▶ **Task prompt**: Task for the records below: please retype exactly and only the lines from the first through the one with "The Office of", with every picture omitted.

[Items from a data source]
□ □ □

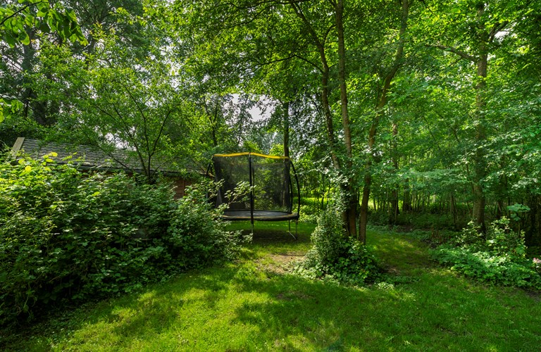 Vom Wohnzimmer/Küche aus gibt es drei verschiedene Türen, durch die Sie in den Garten gelangen können. An verschiedenen Stellen rund um das Haus gibt es Terrassen, auf denen Sie gemütlich gemeinsam essen oder bei schönem Wetter die Sonne genießen können. Der Garten verfügt über eine große Rasenfläche und ein Trampolin, auf dem Kinder spielen können. Aufgrund der Lage und der fehlenden Umzäunung des Gartens laufen regelmäßig Hirsche und Kaninchen hindurch. Ihre Haustiere sind hier ebenfalls herzlich willkommen.
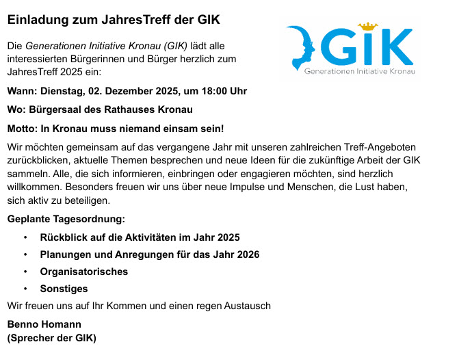 Herzlich willkommen auf der Homepage der „Generationen Initiative Kronau“ (GIK)
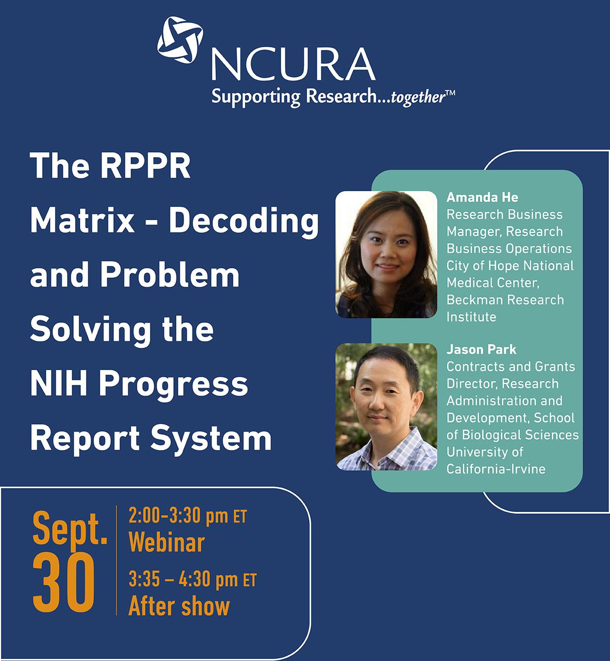 The Office of Research is providing access to the Live Virtual NCURA Workshop – The RPPR Matrix – Decoding and Problem Solving the NIH Progress Report System featuring our own, Jason Park, to the campus community free of charge. This live webinar will be held on Monday, September 30th, at 11:00 AM (PDT). To register, you will need to click on the unique link below. Please do not share this link with anyone outside of the UC Irvine community. You must use your uci.edu email address to register, or your registration may be cancelled by NCURA. If your NCURA account is set up with your personal email address, you’ll need to set up a free account using your uci.edu email (you can do so by clicking here to create a new profile).
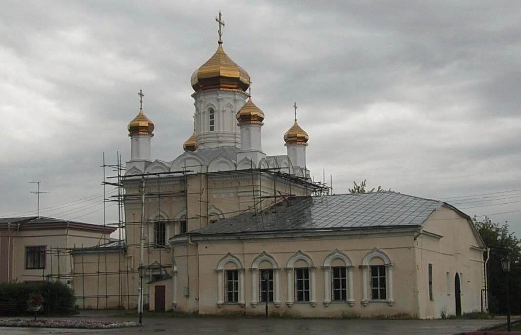 Величественное белоснежное здание увенчано пятью главами, центральная из которых, символизирующая Христа, выделяется своими большими размерами и позолоченной главкой с установленным на ней крестом. Четыре меньшие главки, обозначающие четырёх евангелистов, гармонично дополняют композицию. На снимке хорошо видно, что фасад собора в нижней части окружён строительными лесами, что свидетельствует о проведении активных реставрационно-восстановительных работ, направленных на сохранение этого духовного и культурного наследия для будущих поколений.
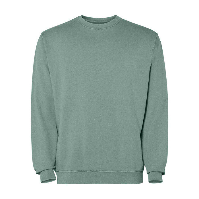 Deze unisex trui heeft een stoere acid-wash afwerking en een comfortabele 2x1 geribde kraag, boorden en zoom in dezelfde kleur. Versterkte naden bij de boorden, zoom, tailleband en armsgaten zorgen voor extra duurzaamheid. De subtiele tone-on-tone deksteek bij de hals maakt het design helemaal af.
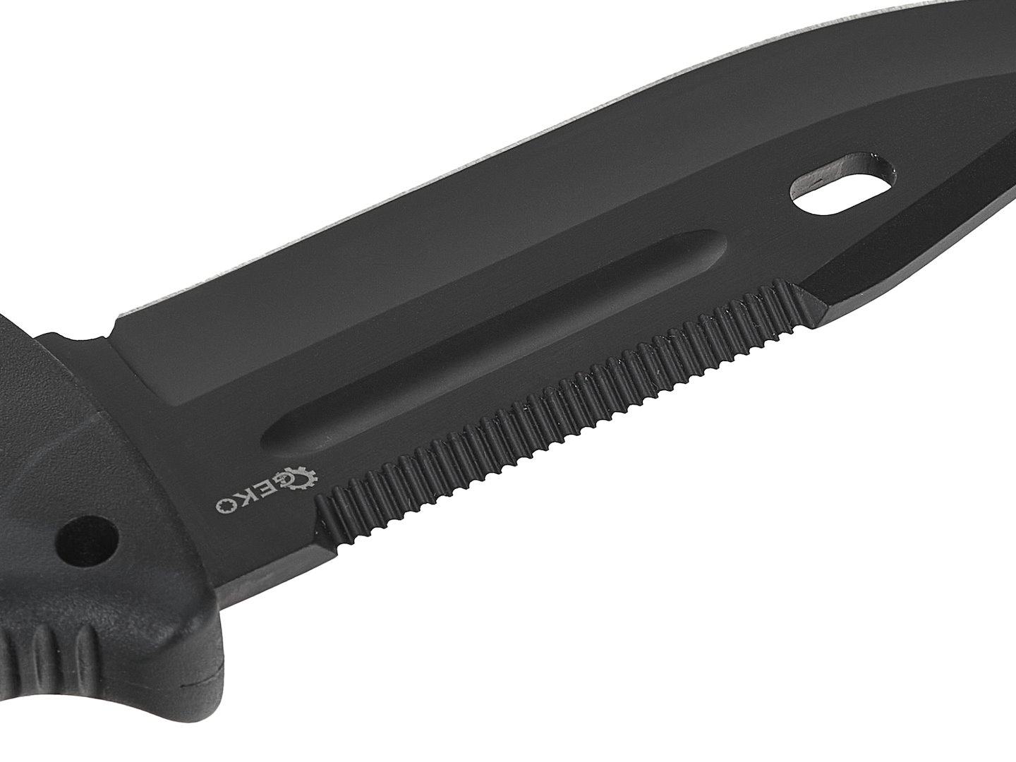 Mânerul ergonomic, realizat dintr-o combinație de PP și TPR, oferă o prindere sigură și stabilă, care nu alunecă nici măcar în condiții de umiditate, ceea ce crește semnificativ confortul și siguranța la locul de muncă. Pachetul include o teacă practică pentru purtarea în siguranță a cuțitului, o busolă pentru o mai bună orientare pe teren, o cremene pentru aprinderea focului și un ascuțitor pentru întreținerea lamei.
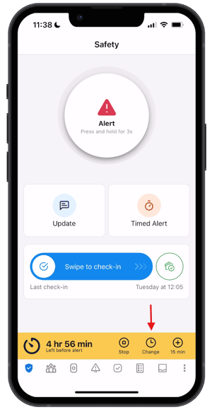 5. To extend the timer, tap Change in the countdown ribbon. To stop it, tap Stop.

□ □ □

▶ **Exercise response**:
 Vom Wohnzimmer/Küche aus gibt es drei verschiedene Türen, durch die Sie in den Garten gelangen können. An verschiedenen Stellen rund um das Haus gibt es Terrassen, auf denen Sie gemütlich gemeinsam essen oder bei schönem Wetter die Sonne genießen können. Der Garten verfügt über eine große Rasenfläche und ein Trampolin, auf dem Kinder spielen können. Aufgrund der Lage und der fehlenden Umzäunung des Gartens laufen regelmäßig Hirsche und Kaninchen hindurch. Ihre Haustiere sind hier ebenfalls herzlich willkommen.
 Herzlich willkommen auf der Homepage der „Generationen Initiative Kronau“ (GIK)
 The Office of Research is providing access to the Live Virtual NCURA Workshop – The RPPR Matrix – Decoding and Problem Solving the NIH Progress Report System featuring our own, Jason Park, to the campus community free of charge. This live webinar will be held on Monday, September 30th, at 11:00 AM (PDT). To register, you will need to click on the unique link below. Please do not share this link with anyone outside of the UC Irvine community. You must use your uci.edu email address to register, or your registration may be cancelled by NCURA. If your NCURA account is set up with your personal email address, you’ll need to set up a free account using your uci.edu email (you can do so by clicking here to create a new profile).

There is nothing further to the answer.